Something, clearly, is happening here. Or, to be accurate, something has happened. Future Islands – a synthpop quartet who have been knocking around since 2006, first on Thrill Jockey and now on 4AD – are a classic example of a band who, to coin a cliche, have taken eight years to become an overnight sensation. They look set to become indie pop’s biggest sleeper success since Pulp. And their Fairy Godmother was an unknown booker on an American talk show.
A sign of how rapidly the Future Islands phenomenon took off is that I encountered the backlash before the frontlash, seeing them mentioned on March 8th this year on the Facebook wall of a friend who didn’t get what all the fuss was about. Intrigued, I investigated the YouTube clip he’d posted. I got what all the fuss was about.
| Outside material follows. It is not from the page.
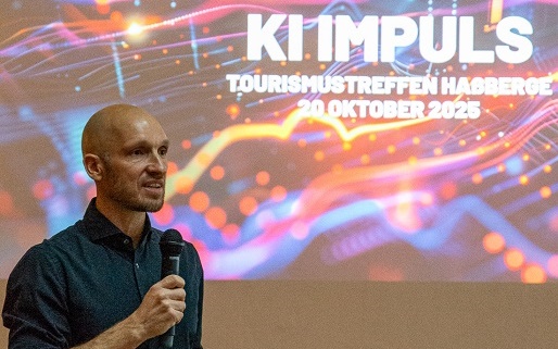 Zentrales Highlight des Abends war der Impulsvortrag von Rainer Rother, Director Innovation & KI bei der marcapo GmbH. Mit konkreten Praxisbeispielen zeigte er auf, wie Künstliche Intelligenz im Tourismus effektiv genutzt werden kann. Dabei stellte Herr Rother eine Auswahl innovativer KI-Tools wie ChatGPT, Perplexity oder Midjourney vor und demonstrierte deren Potenziale live im Einsatz. Anhand konkreter Beispiele – etwa mit Texten und Bildern von den Websites der Teilnehmenden – zeigte er, wie diese Inhalte mithilfe von KI optimiert oder kreativ weiterentwickelt werden können.
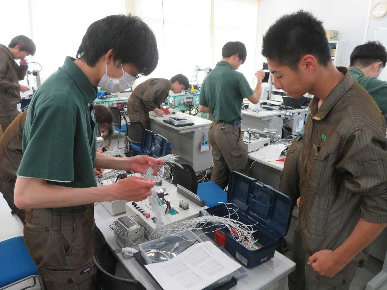 今日は1・2年生合同で「総合演習(資格検定)」がおこなわれました。電気工事士、数学、TOEIC、電気保全、機械保全、機械・電気基礎、基本情報、シーケンス制御、CADの9つの中から希望するコースに分かれ、検定取得に向けて座学や実技に取り組みました。

On 3rd March, Future Islands got the biggest break of their career – a live slot on the Late Show With David Letterman – and grabbed it like a cliff faller would a branch. They were preceded in the running order by Brendan Marrocco, a former US Army sergeant who had lost all his limbs in Iraq in 2009 when his vehicle was struck by a roadside bomb. They wondered, understandably, how they hell they were meant to follow that. But, oh boy, they followed it.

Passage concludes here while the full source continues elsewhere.